All of the data that follows should be given again exactly, without its images.

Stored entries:
--

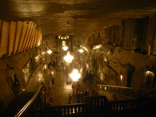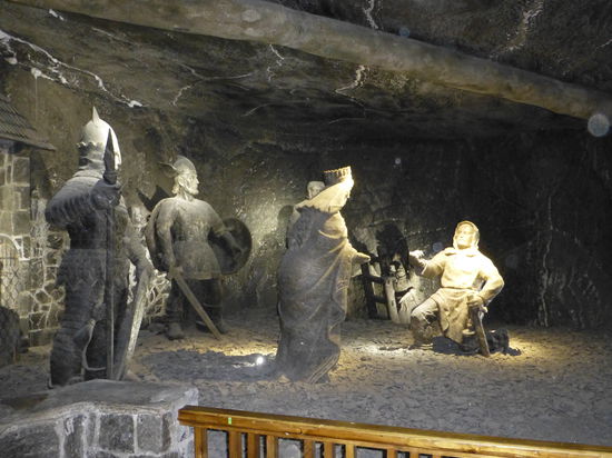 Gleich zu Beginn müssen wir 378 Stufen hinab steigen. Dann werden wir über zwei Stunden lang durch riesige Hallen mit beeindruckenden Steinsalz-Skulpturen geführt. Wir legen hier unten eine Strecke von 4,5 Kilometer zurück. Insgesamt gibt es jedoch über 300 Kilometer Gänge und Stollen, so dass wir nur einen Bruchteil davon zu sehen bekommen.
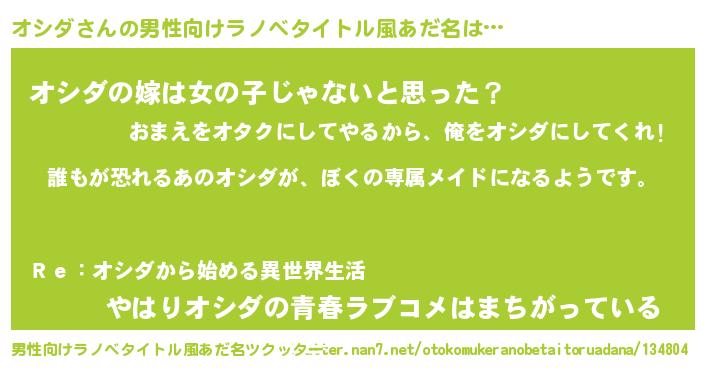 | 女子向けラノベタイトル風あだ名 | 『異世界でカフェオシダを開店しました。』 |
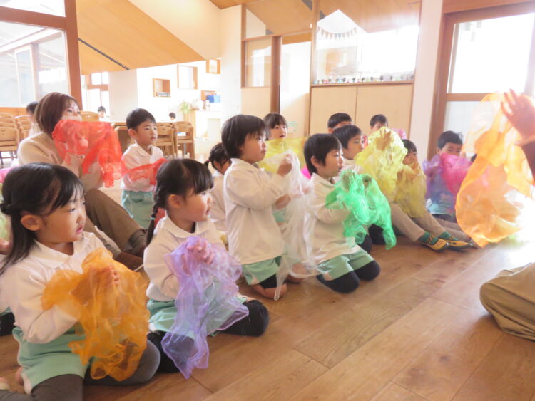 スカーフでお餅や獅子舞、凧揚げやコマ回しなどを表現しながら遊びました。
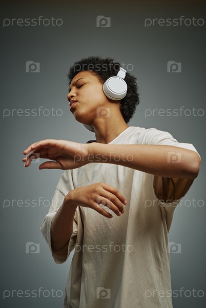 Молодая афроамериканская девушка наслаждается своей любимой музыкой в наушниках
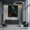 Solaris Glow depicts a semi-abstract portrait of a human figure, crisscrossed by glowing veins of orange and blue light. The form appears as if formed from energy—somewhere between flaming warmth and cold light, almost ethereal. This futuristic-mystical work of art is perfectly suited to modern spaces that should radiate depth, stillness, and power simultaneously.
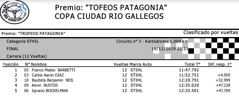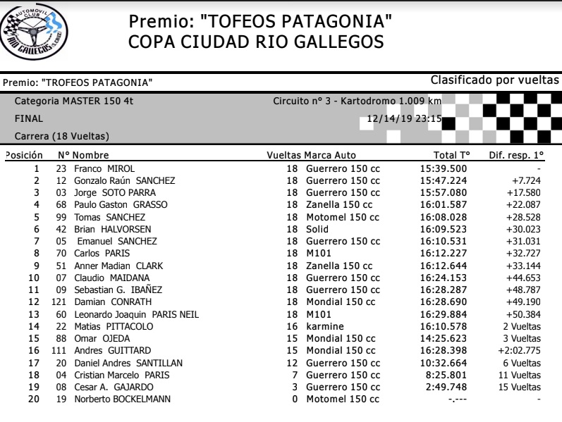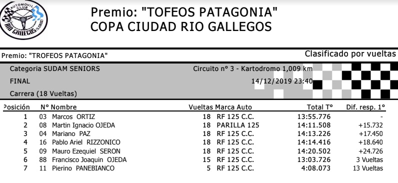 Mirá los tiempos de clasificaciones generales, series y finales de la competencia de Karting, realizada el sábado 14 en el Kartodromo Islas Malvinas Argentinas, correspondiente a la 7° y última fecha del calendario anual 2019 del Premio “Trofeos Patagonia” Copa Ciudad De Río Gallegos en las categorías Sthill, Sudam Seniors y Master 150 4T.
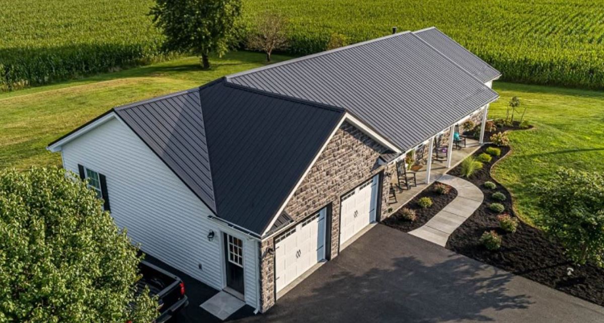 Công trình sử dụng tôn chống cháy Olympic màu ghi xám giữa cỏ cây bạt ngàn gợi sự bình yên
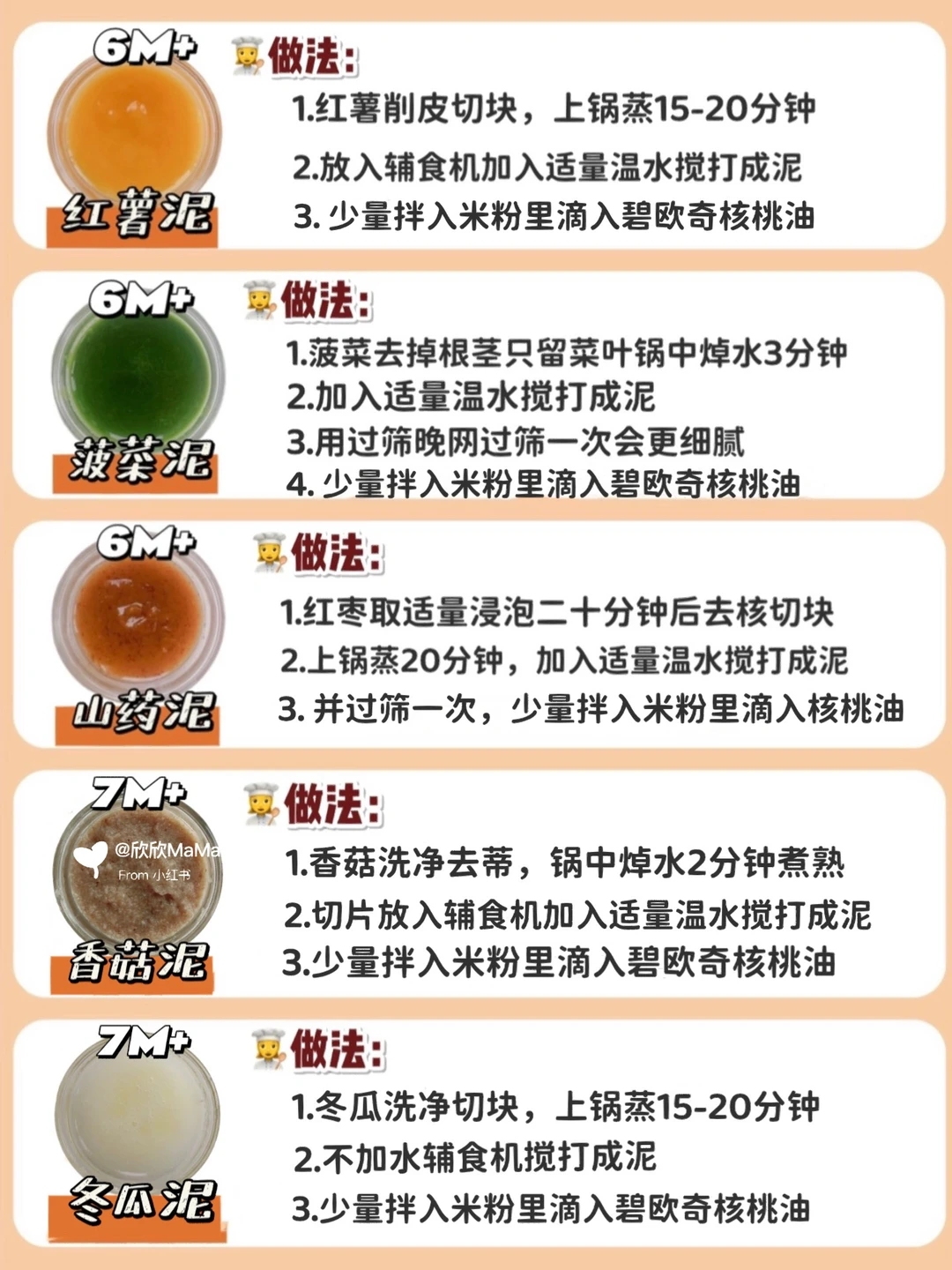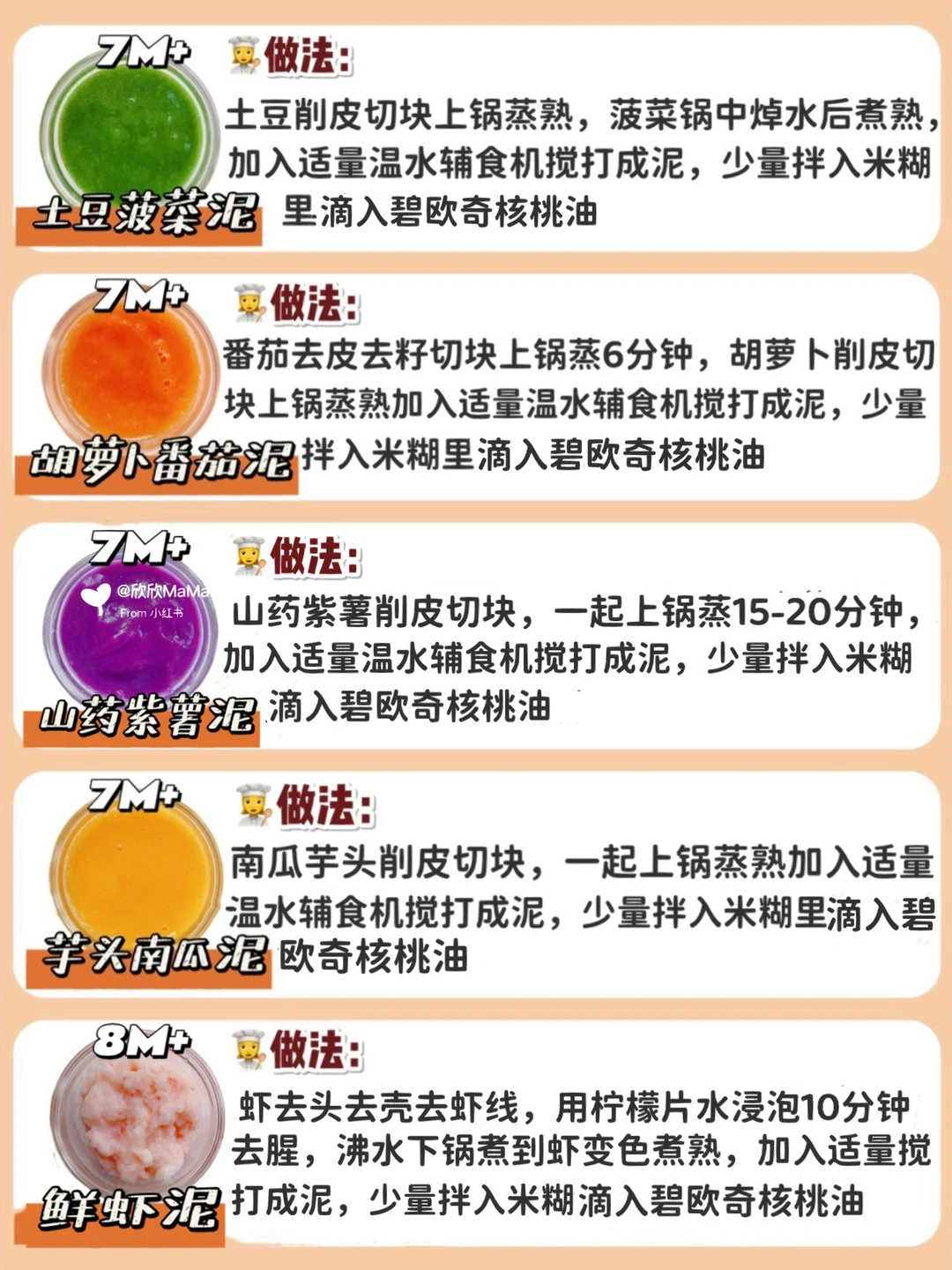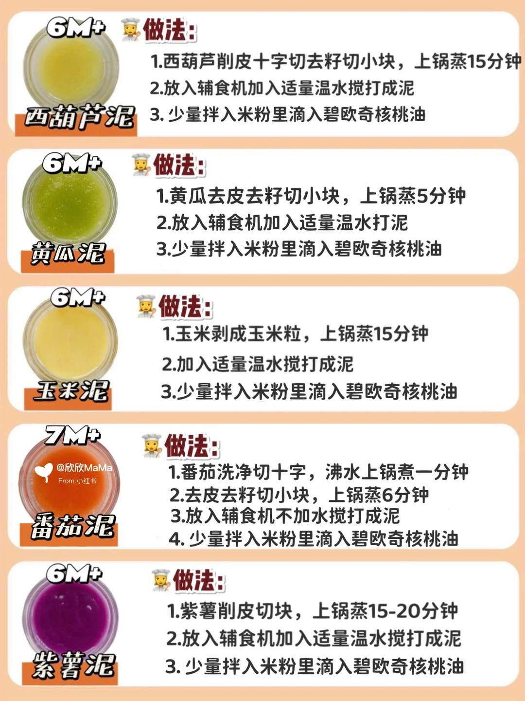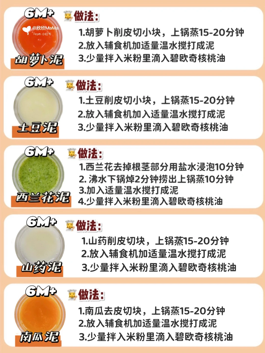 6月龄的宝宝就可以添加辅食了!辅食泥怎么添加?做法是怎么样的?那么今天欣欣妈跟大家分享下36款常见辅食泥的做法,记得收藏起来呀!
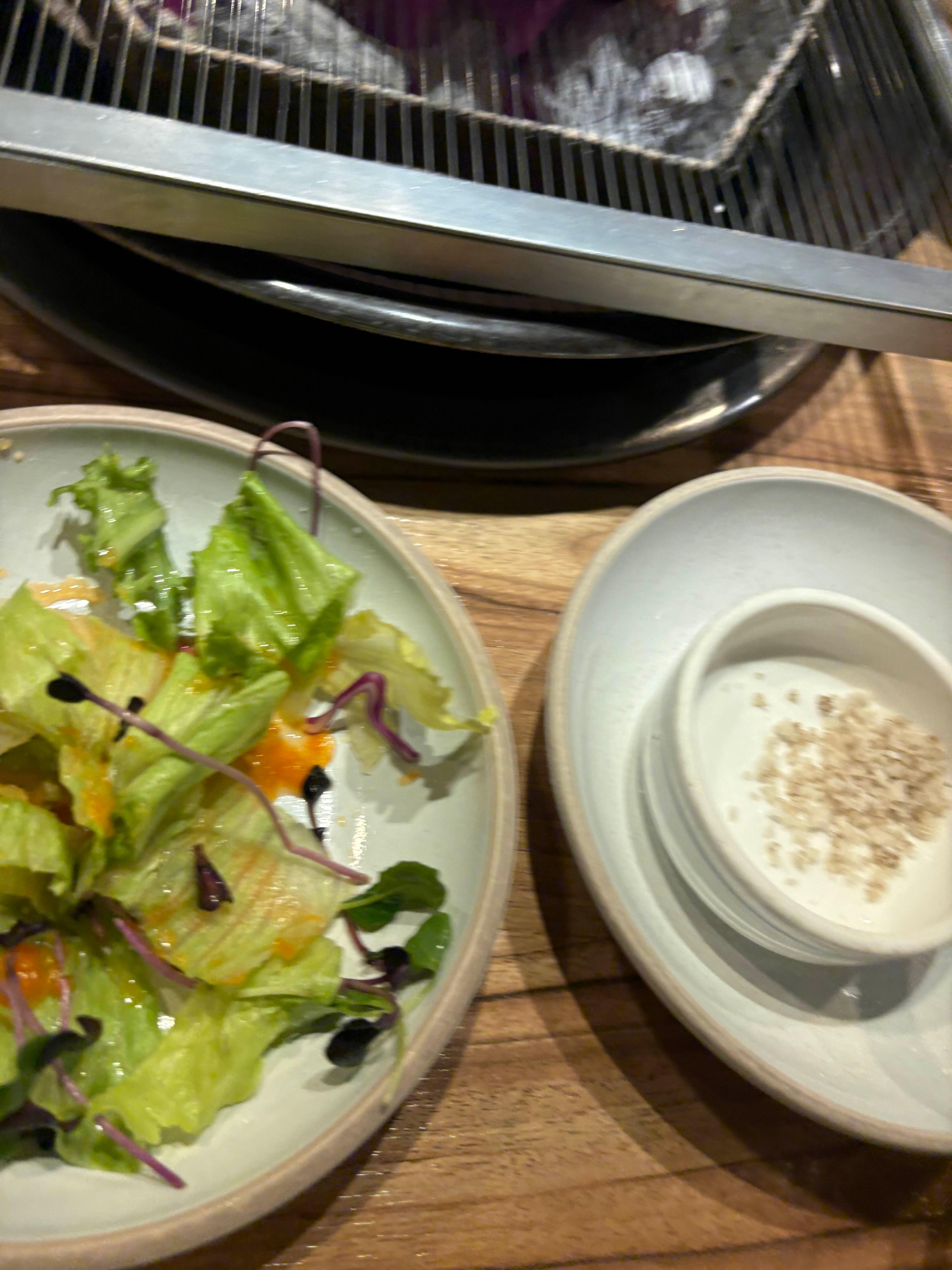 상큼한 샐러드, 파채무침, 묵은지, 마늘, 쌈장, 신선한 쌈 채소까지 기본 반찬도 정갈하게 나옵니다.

--

Result of this task -
 Gleich zu Beginn müssen wir 378 Stufen hinab steigen. Dann werden wir über zwei Stunden lang durch riesige Hallen mit beeindruckenden Steinsalz-Skulpturen geführt. Wir legen hier unten eine Strecke von 4,5 Kilometer zurück. Insgesamt gibt es jedoch über 300 Kilometer Gänge und Stollen, so dass wir nur einen Bruchteil davon zu sehen bekommen.
 | 女子向けラノベタイトル風あだ名 | 『異世界でカフェオシダを開店しました。』 |
 スカーフでお餅や獅子舞、凧揚げやコマ回しなどを表現しながら遊びました。
 Молодая афроамериканская девушка наслаждается своей любимой музыкой в наушниках
 Solaris Glow depicts a semi-abstract portrait of a human figure, crisscrossed by glowing veins of orange and blue light. The form appears as if formed from energy—somewhere between flaming warmth and cold light, almost ethereal. This futuristic-mystical work of art is perfectly suited to modern spaces that should radiate depth, stillness, and power simultaneously.
 Mirá los tiempos de clasificaciones generales, series y finales de la competencia de Karting, realizada el sábado 14 en el Kartodromo Islas Malvinas Argentinas, correspondiente a la 7° y última fecha del calendario anual 2019 del Premio “Trofeos Patagonia” Copa Ciudad De Río Gallegos en las categorías Sthill, Sudam Seniors y Master 150 4T.
 Công trình sử dụng tôn chống cháy Olympic màu ghi xám giữa cỏ cây bạt ngàn gợi sự bình yên
 6月龄的宝宝就可以添加辅食了!辅食泥怎么添加?做法是怎么样的?那么今天欣欣妈跟大家分享下36款常见辅食泥的做法,记得收藏起来呀!
 상큼한 샐러드, 파채무침, 묵은지, 마늘, 쌈장, 신선한 쌈 채소까지 기본 반찬도 정갈하게 나옵니다.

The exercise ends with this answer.